Калабухов удивился себе и понял, что это лучший и самый быстрый выход из скучной и всегда неприятной процедуры. Он вдруг почувствовал, что имя его знакомо, в чьей-то памяти, в памяти грамотеев, сейчас проступают буквы его фамилии, с марта месяца не сходящей со сводок. Снизу, по мускулам живота подступил ком гордости; он вспомнил, что имя его, когда он партизанил на Украйне воспевалось хвалебными партийными перьями рядом с именем Спиридоновой, а в большевистских газетах - чуть ли не с Троцким и Сиверсом. Гордость и радость за сознательность рабочего люда (он вдруг воспылал!) пробежали по его красной черкеске: он почувствовал себя порой и жилой беспокоившегося и дышавшего на станции "человека", он почувствовал себя: как бы главным, как бы ответственным... уполномоченным, облеченным. Он почувствовал, что вот именно теперь нужна хорошая революционная речь, такая, чтобы голос шел в упор, как пулеметный ливень, а ливень его голоса должен разрядить эту нелепую грозу; после революционного ливня смешно будет проверять документы, справляться, не будут нужны эти унизительные допросы его и его партизан.

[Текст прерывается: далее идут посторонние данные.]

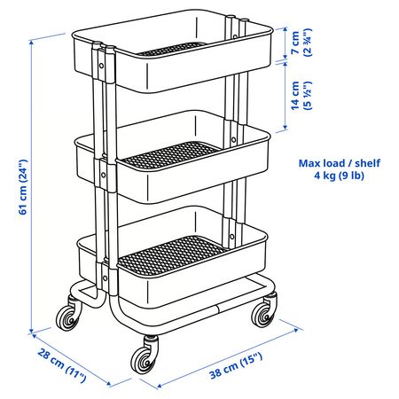 RÅSKOG 005.867.89 Тележка, белый 28x38x61 см
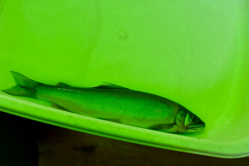 孵化した稚魚は、海に下ってプランクトンを食べ、春に再び上流部を目指し川を上がってきます。
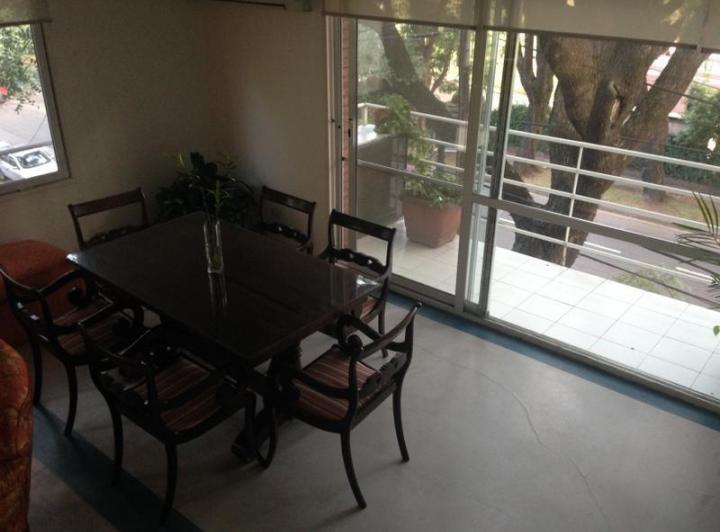 Apartment on a three-level layout (duplex-style triplex) on Av. Libertador in Acassuso, San Isidro. Refurbished 10 years ago, street-facing, with a covered balcony and terrace. The ground floor includes a living and dining area, a guest toilet, and an open-plan kitchen; the 2nd level has 2 en-suite bedrooms with 2 full bathrooms. The 3rd level includes a playroom/3rd bedroom with access to the balcony-terrace and a covered grill (parrilla). Features include 2 assigned parking spaces, a storage r
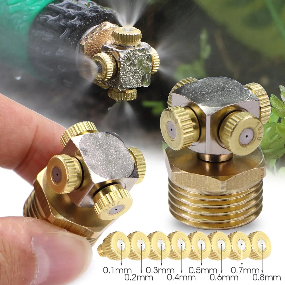 0.1-1.0mm 4-holes Fine Atomizer Sprayer Misting Nozzle 1/2" 20mm Brass Joint Humidification Cooling Garden Irrigation Watering
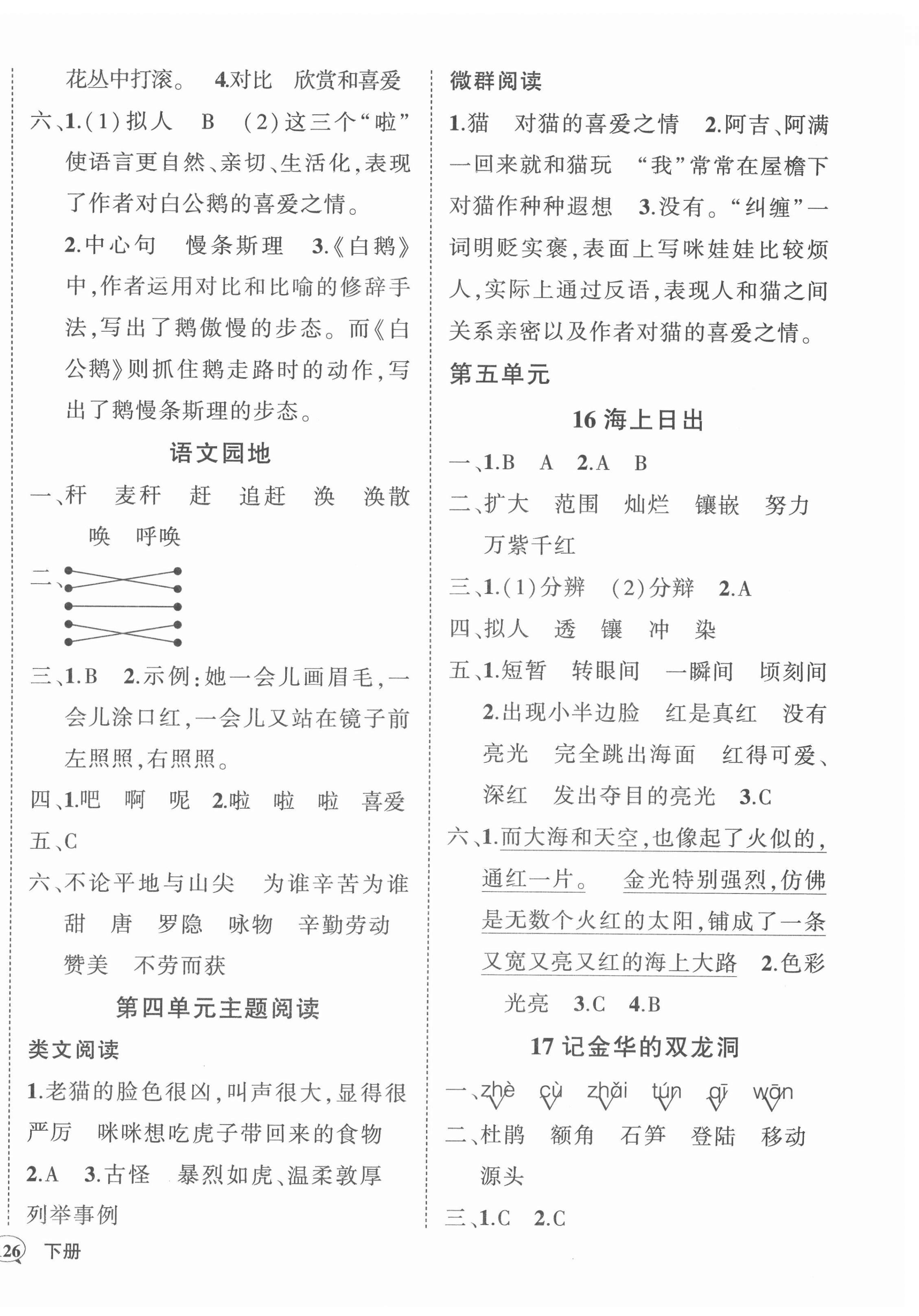 2022年状元成才路创优作业100分四年级语文下册人教版湖南专版
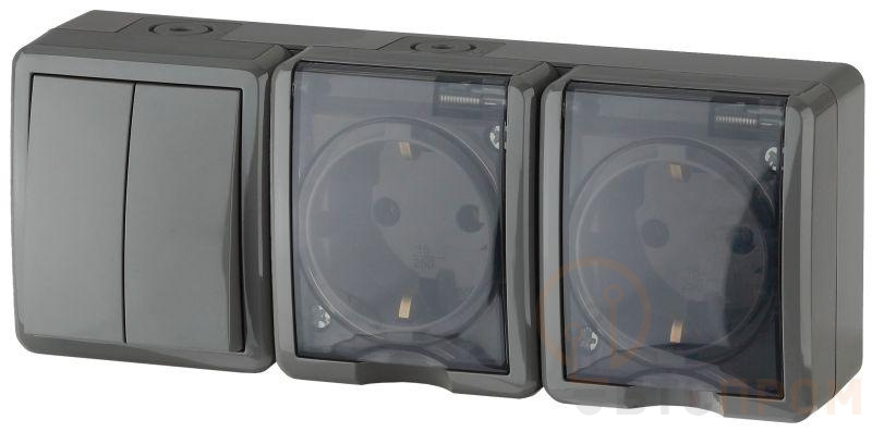 Блок две розетки с двойным выключателем IP54 Эра Эксперт открытой установки серый 11-7404-03. Номинальные характеристики 16А(10AX) 250В. Устройство выполнено из качественного поликарбоната, оснащёно уникальными винтовыми клеммами ЭКСПЕРТ для максимально качественного зажима кабеля в механизме.

– Я - левый социалист-революционер. Наша партия...
– заговорил он, слушая сам, как его слова глотало уже неслышное влажное эхо.
– Я один из первых, не принимая похабного Брестского мира, который отдавал... и пр.
– Когда часть, когда-то целой могучей революционной партии, имевшей огромные заслуги в прошлом перед угнетенным крестьянством, пошла за болтуном Керенским...
(Свист и крики: "Правильно!")
– Никогда ни я, ни наша партия левых социалистов-революционеров, - не изменит трудовому... и т.д.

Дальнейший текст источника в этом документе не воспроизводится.